# LaDue from shore



## lunder (Aug 23, 2005)

Tried LaDue for about 2 and a half hours. No bites. No nibbles. Fished from 2:30-5:00 pm. Water was fairly clear. Nice to be out a bit.


----------



## Snakecharmer (Apr 9, 2008)

lunder said:


> Tried LaDue for about 2 and a half hours. No bites. No nibbles. Fished from 2:30-5:00 pm. Water was fairly clear. Nice to be out a bit.


From shore or boat?


----------



## set-the-drag (Jan 13, 2013)

Water is like a river. It's to the supports under 422 up 10' from spring. Bridge Creek looked like the hoga. Water is cooking through there


----------



## set-the-drag (Jan 13, 2013)

*fall not spring


----------



## lunder (Aug 23, 2005)

From shore. Water was up a bit more than last year at this time, maybe a foot to 18 inches higher. Spot on Valley Rd I fished was littered with raccoon carcasses. Reduced to skeletons mostly.


----------



## fishingful (Apr 5, 2004)

I fished 44 tonight. A few small gills in a foot of water.


----------



## berkshirepresident (Jul 24, 2013)

Yeah....but are Blazin' Bills or Auburn Inn open for Take Out?


----------



## set-the-drag (Jan 13, 2013)

Yup


----------



## berkshirepresident (Jul 24, 2013)

Since I'm talking to some "locals" in this thread:
I drove by East Branch on 322 on late Friday afternoon....and was happy to see the reservoir has filled up a lot.
Driving by at 45 MPH, I noticed a buoy to the south of 322, kind of over where the creek bed would be. Maybe 1000 feet or so South of 322.
I don't recall having seen this before. 
Has this always been there? If so, what's it for? "Don't fish past the bridge"....or something to that effect?
Look forward to seeing some of you guys (and gals) out when things get back to normal.


----------



## set-the-drag (Jan 13, 2013)

Probably. Ive heard they are going to stop dumping all the water out like they have been in the reservoir lakes from projects that they don't need that much water with the rain we've been getting and what is projected. Could be a eagle nest in the area to. But it might be a no boat zone bouy


----------



## set-the-drag (Jan 13, 2013)

fishingful said:


> I fished 44 tonight. A few small gills in a foot of water.

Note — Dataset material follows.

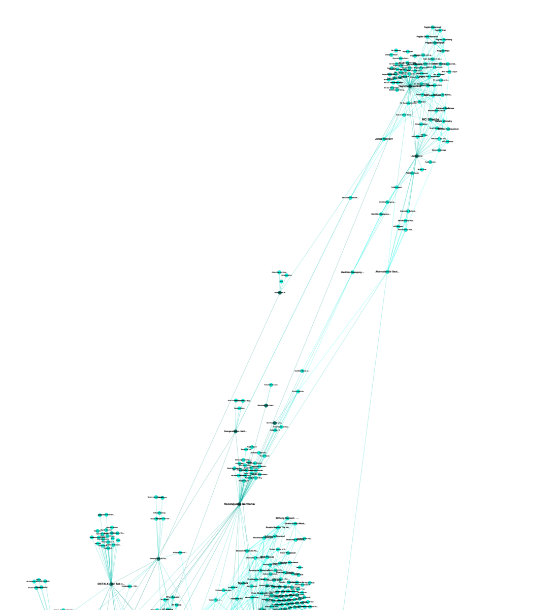 Während sich im Netzwerk der Massenmedien viele Gruppen bilden und nur wenige Verbindungen zwischen diesen bestehen, zeichnet sich das Netzwerk der VT-Seiten durch eine große Homogenität aus. Lediglich eine Subgruppe bildet sich im Netzwerk der VT-Seiten heraus, dennoch steht auch diese mit dem Rest des Netzwerks in Verbindung (siehe folgende Abbildung) – diese Subgruppe zeichnet sich vor allem dadurch aus, dass sie mit rechtspopulistische und rechtsextremen Seiten verknüpft ist und von diesen geliked wird (Identitäre Bewegung, FPÖ und AfD).
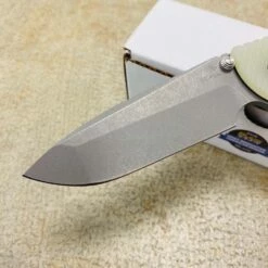 The XM Series CNC flat ground Spanto blade is the best of both worlds offering maximum cutting potential in a blade that has a durable tip for prying; the blade thickness on a 4.0″ XM-24 is a full .165″ retaining its thickness right out to the tip. The oversized choil permits choking up on the blade for more precise work. The blade locks up on a solid 1/4 in diameter Thumb stud which is press fitted into the blade. This makes for a very strong lockup as there is no loosening of the thumb stud which can happen with two piece designs. The fact that the thumb stud locks up against the frame adds an incredible amount of strength to the sideways torque of the blade as the sideways stresses are being stopped by the whole handle side, thus relieving the stress that would normally be put on the pivot.

Were you fishing the north side of the bridge on the rocks with another guy?


----------



## berkshirepresident (Jul 24, 2013)

I think there has been an eagle's nest there for some years now.
Two flew over me while fishing Aquilla a few years ago. Totally cool.
Come to think of it, you might be right about the no boating buoy.


----------



## Snakecharmer (Apr 9, 2008)

lunder said:


> From shore. Water was up a bit more than last year at this time, maybe a foot to 18 inches higher. Spot on Valley Rd I fished was littered with raccoon carcasses. Reduced to skeletons mostly.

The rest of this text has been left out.